Raw data
_ _ _

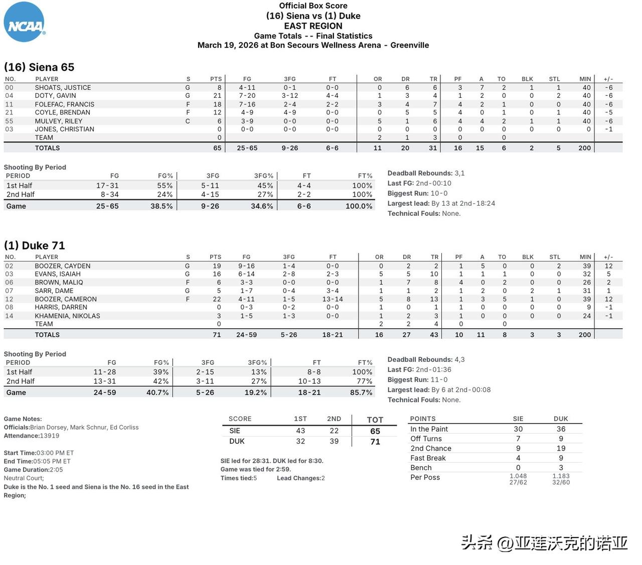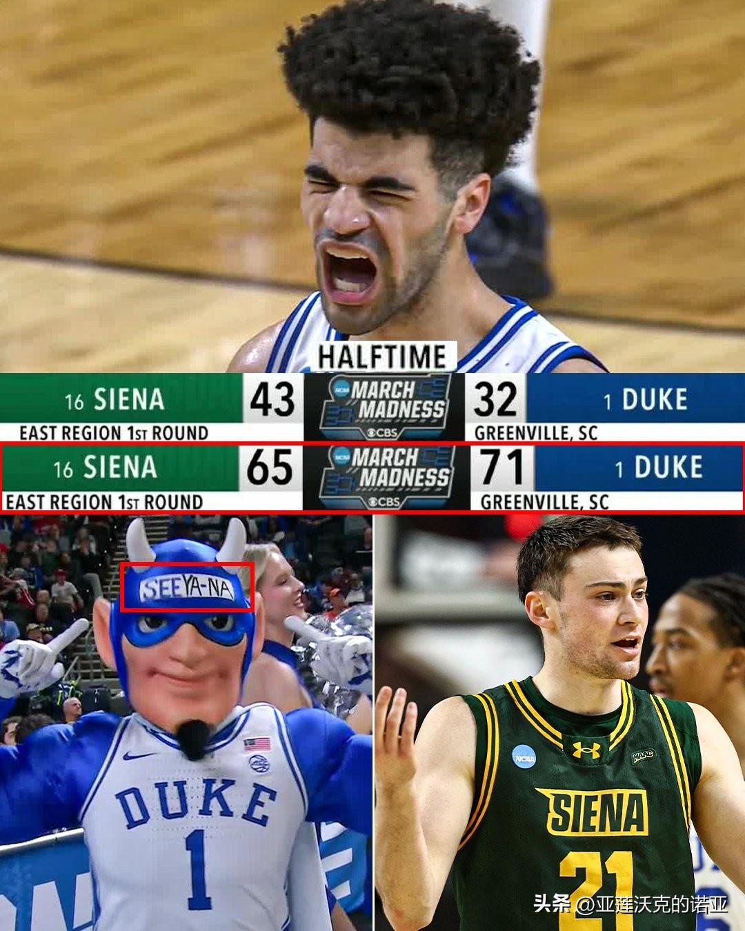 头号种子杜克大学差点被上演史诗级爆冷,对手Siena几乎只靠五位首发全力以赴,但最后阶段明显体力不足,蓝魔最多落后13分,本赛季从未落后这么久,Cayden Boozer单场19分5助攻是赢球关键,主帅Jon Scheyer为他感到骄傲,表示当情况最艰难时,正是凯登发挥最佳的时候。
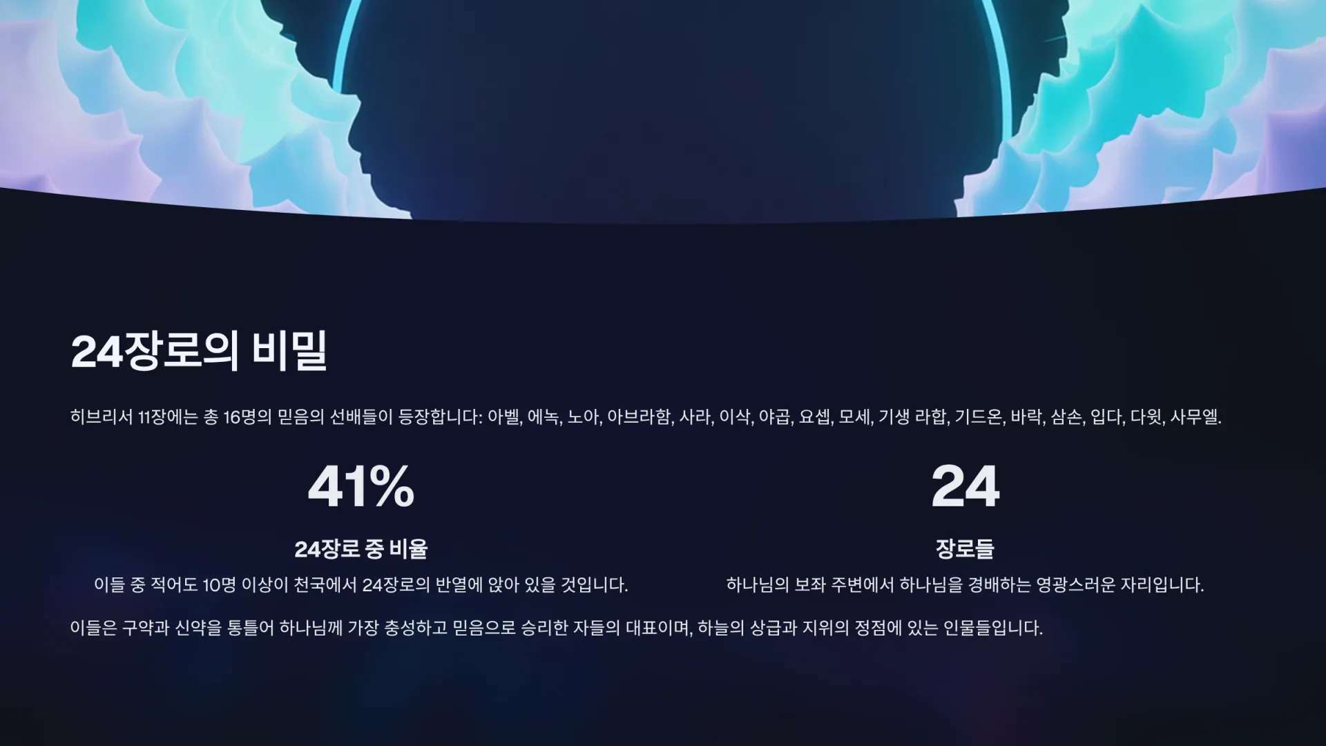 3. 히브리서 11장에 등장하는 믿음의 선배들은 누구이며, 그들의 신앙 이야기가 들려주는 ‘24장로’에 대한 하늘의 비밀은 무엇인가?
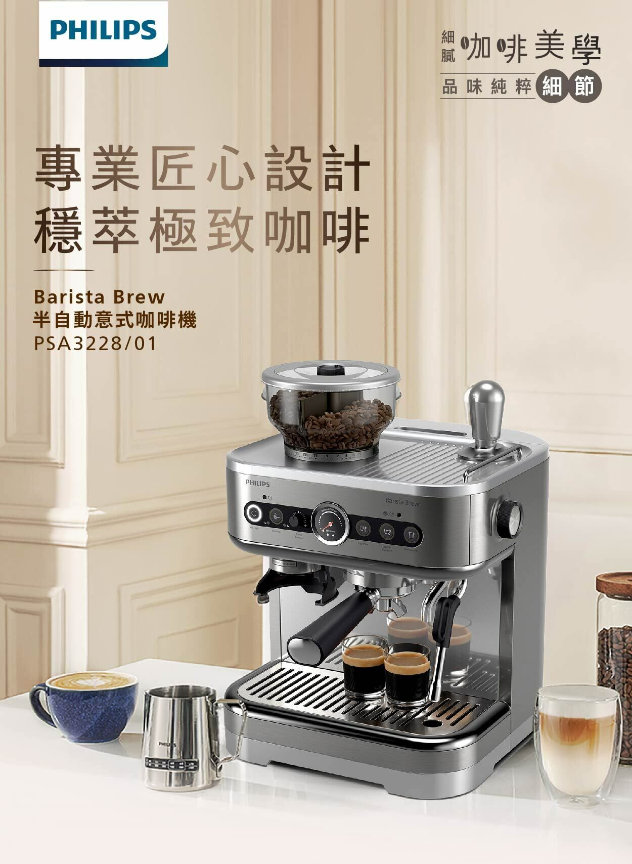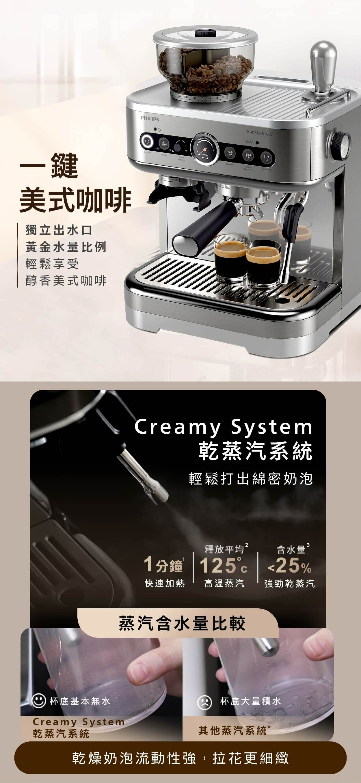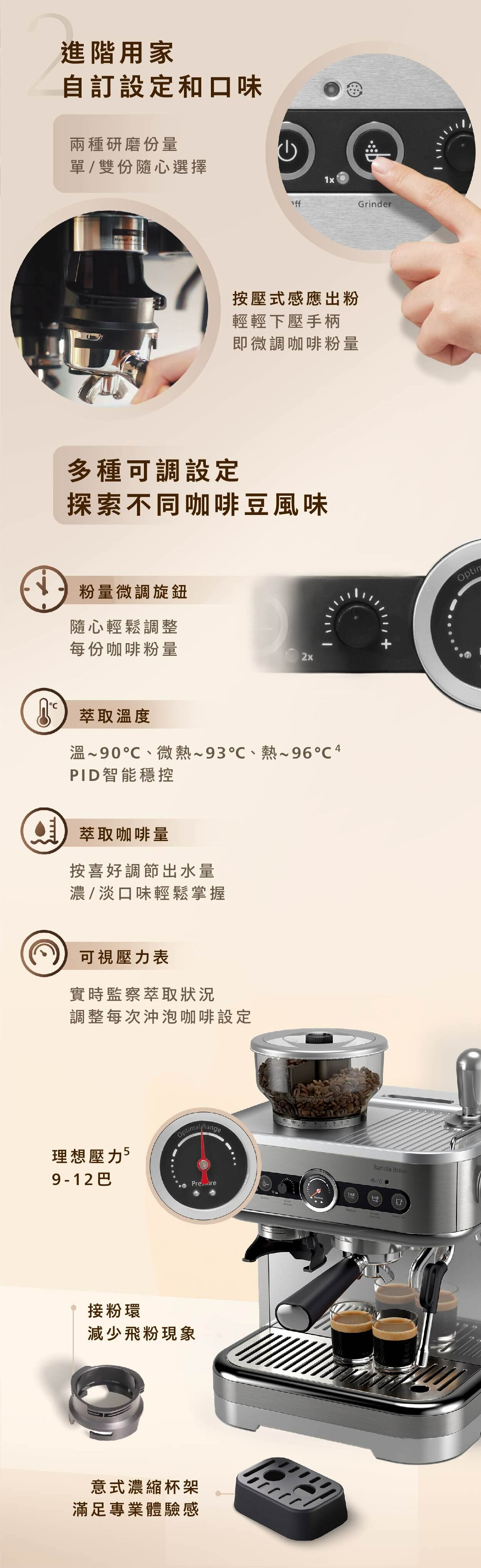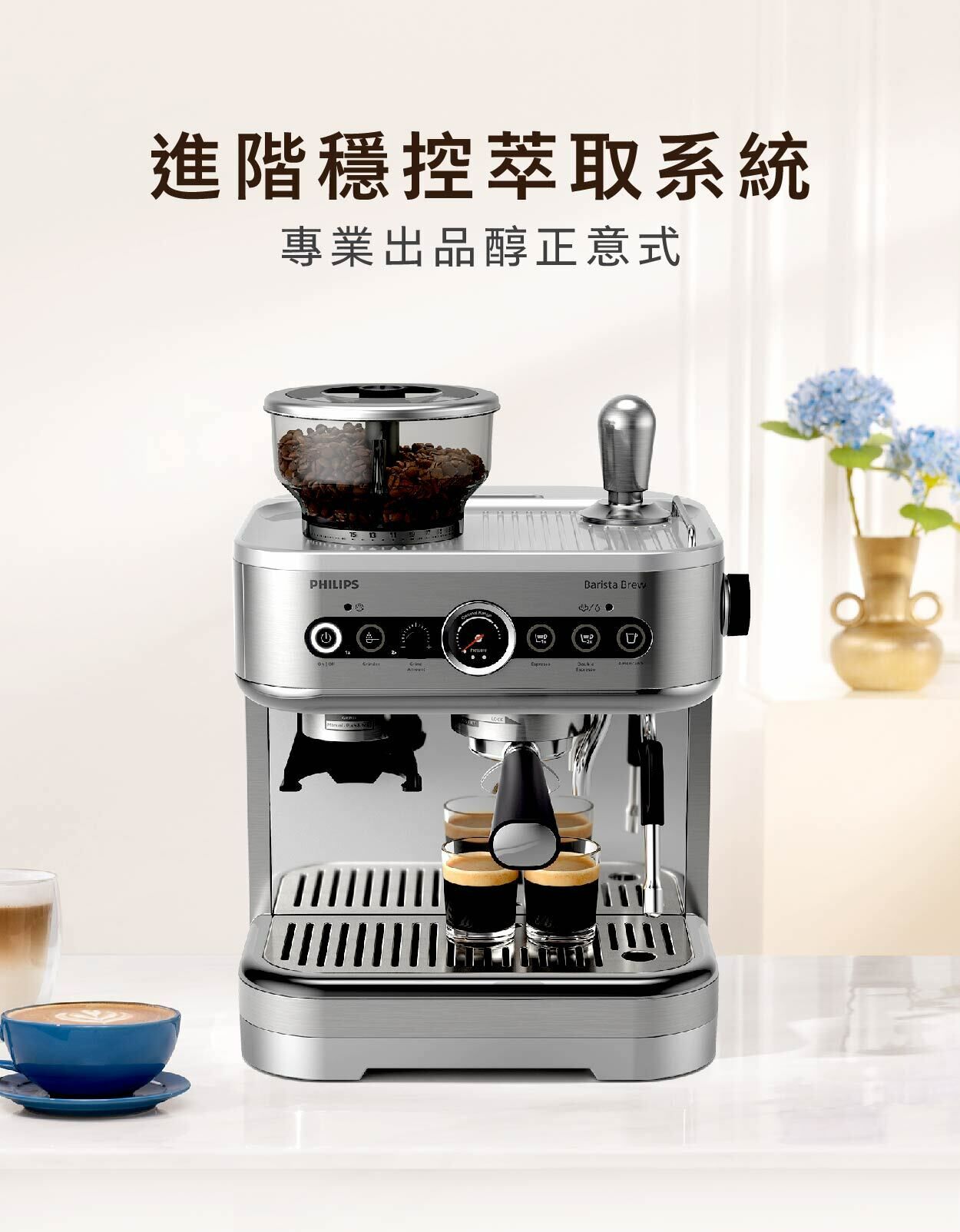 盡情享受新鮮特濃咖啡的濃郁香氣。使用 Philips Barista Brew 半自動意式咖啡機體驗自己製作咖啡的滿足感,旨在幫助真正的咖啡愛好者提升自己的沖泡咖啡的技能,享受製作每一杯咖啡的樂趣。
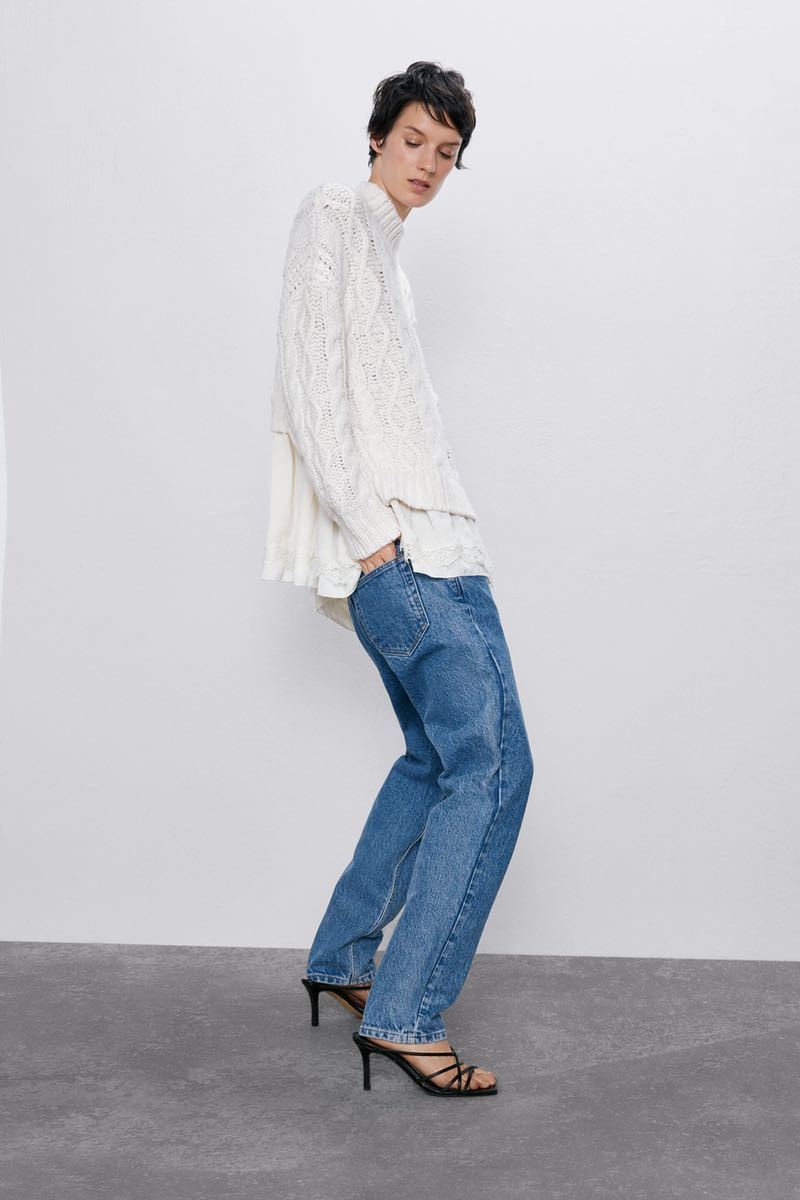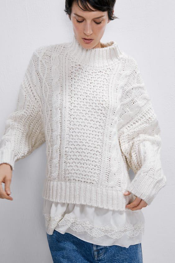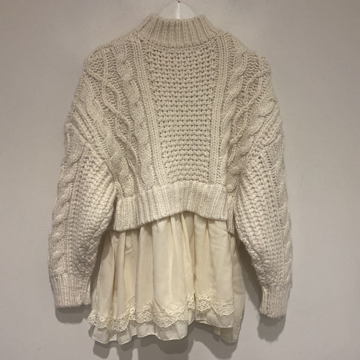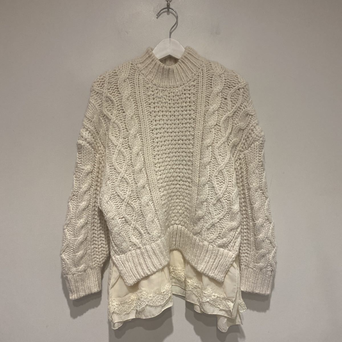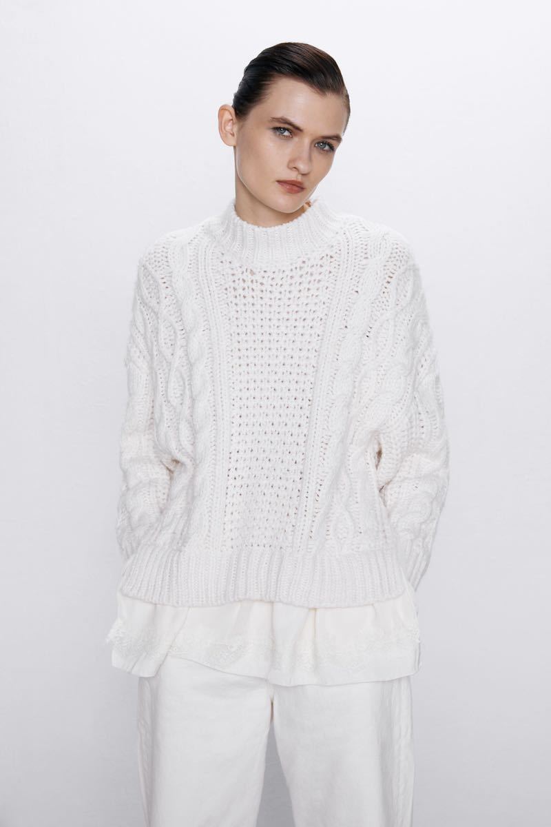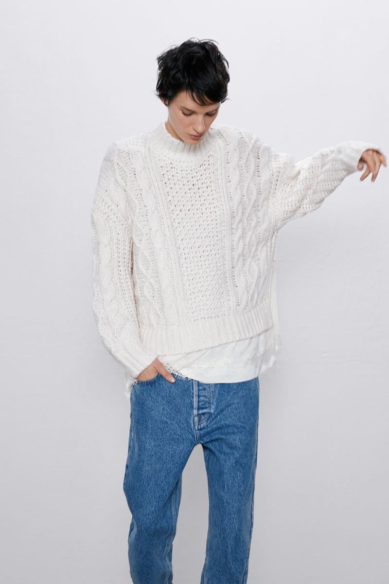 【美品】ZARA ザラ ニット セーター ケーブルニット ホワイト レース トップス サイドカット S

_ _ _

Problem description
With all pictures left out, please transcribe exactly the lines from the start of the material through the line with "3. 히브리서 11장에".

Response area
 头号种子杜克大学差点被上演史诗级爆冷,对手Siena几乎只靠五位首发全力以赴,但最后阶段明显体力不足,蓝魔最多落后13分,本赛季从未落后这么久,Cayden Boozer单场19分5助攻是赢球关键,主帅Jon Scheyer为他感到骄傲,表示当情况最艰难时,正是凯登发挥最佳的时候。
 3. 히브리서 11장에 등장하는 믿음의 선배들은 누구이며, 그들의 신앙 이야기가 들려주는 ‘24장로’에 대한 하늘의 비밀은 무엇인가?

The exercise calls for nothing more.